Allah emanat olunuz,
Was’Salaam wa Alaykum wa Rahmatullahi wa Barakatahu.
July 18, 2006 at 6:33 am
Baraka
Salaam Alaykum wa Rahmatullahi wa Barakatahu everyone -
I am overwhelmed, shy, and touched at these loving comments.
Jazak Allah khair, God bless you all.
And Maryam, your brother-in-law is in my prayers as he begins chemotherapy.
May God grant us all health, serenity, & forgiveness, ameen.
Warmly,
Baraka
July 20, 2006 at 10:10 pm
Anonymous
as-salamualikum sister, your post has brought tears to my eyes, for my ingratitude to Allah, my current state, you are going through alot yet you are so strong mashAllah and you are remembering and thanking Allah, i have learnt so much just from this one post of yours, i can see from it that you are a truly beautiful strong person,
May Allah give you patience,
May He grant you shifa and give you health and wellbeing,
May He bless you with peace and happiness in this life and the hereafter.

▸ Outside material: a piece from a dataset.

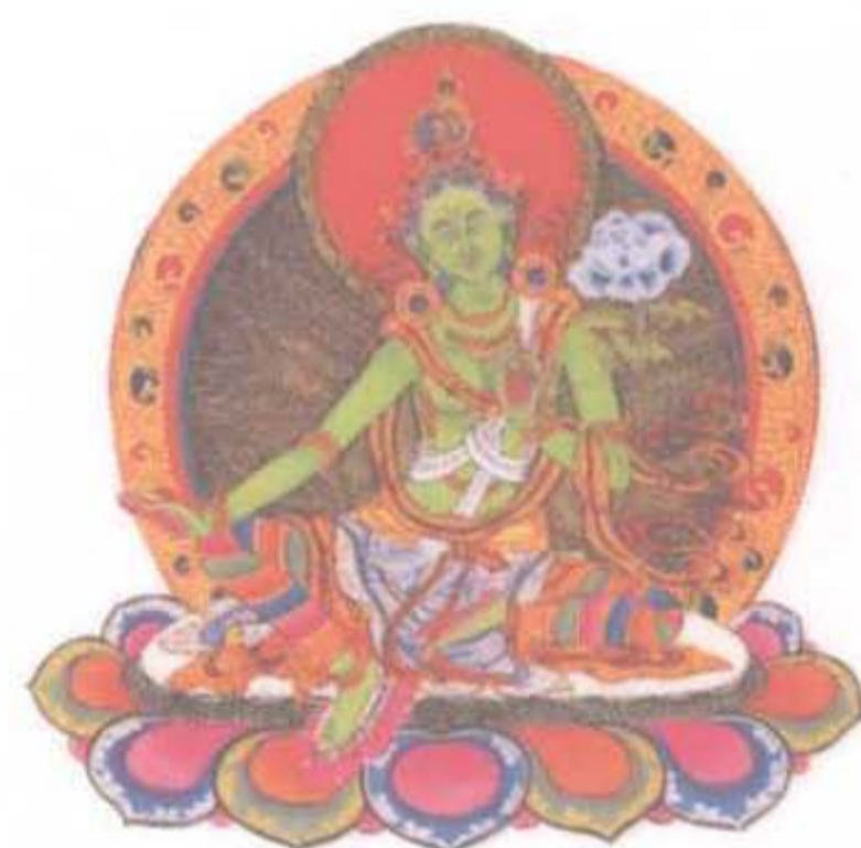
绿度母 能增长福德、成就富贵， 使众生丰财自在

May He grant you every succes in every way in this life and the hereafter,
May he unite us in jannah with our Habib nabi (s).
Aysha
x.
Please remember me in you duas, that Allah lightens my burdens,your duas will be accepted.
P.S.
i read this hadith and thought i should post it to you:
Rasulullah Sal’Allahualayhiwasalam once shook a tree until its leaves fell all around and said: “Troubles and pains are faster in eliminating the sins of human beings than I am in [making the leaves fall from] this tree.”
~Musnad Abi Ya`la and Ibn Abi al-Dunya
August 9, 2006 at 1:40 am
Baraka
Salaam Aysha & jazak Allah khair!
August 25, 2006 at 8:38 am
Austin of Sundrip Journals
I like the quote from your grandmother.
Austin of Sundrip Journals
January 28, 2011 at 1:58 pm
cymagen
aw you used my picture! thanks im glad it could help your post
May 24, 2011 at 2:13 am
Ciphur
Couldn’t hold back the tears.
Now I understand where all this sensitivity in your words comes from.

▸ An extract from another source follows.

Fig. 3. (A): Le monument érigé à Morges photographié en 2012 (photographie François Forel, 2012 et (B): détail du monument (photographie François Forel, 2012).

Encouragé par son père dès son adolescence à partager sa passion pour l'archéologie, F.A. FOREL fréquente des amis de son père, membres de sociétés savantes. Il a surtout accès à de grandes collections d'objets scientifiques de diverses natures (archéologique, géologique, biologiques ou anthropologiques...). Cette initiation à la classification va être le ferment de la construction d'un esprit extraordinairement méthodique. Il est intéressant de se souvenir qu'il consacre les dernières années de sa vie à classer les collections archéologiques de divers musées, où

Pain is what mellows people, not in body, but in heart and mind. They make one more receptive to the pain of others.
I could not but help thinking, how fortunate we are , when compared to the sufferings that others go through. And so easily we start complaining.
…Until Allah takes away from us what we had so far taken for granted, and then we go down on our knees and beg for forgiveness and beg for strength. And thus come closer to Allah. We understand life the way it was meant to be. We start realising that perhaps our pain is a part of the Greater Design, and this, which too shall pass, is nothing but a test, for which I pray Allah gives us all the strength and integrity to go through and emerge as winners.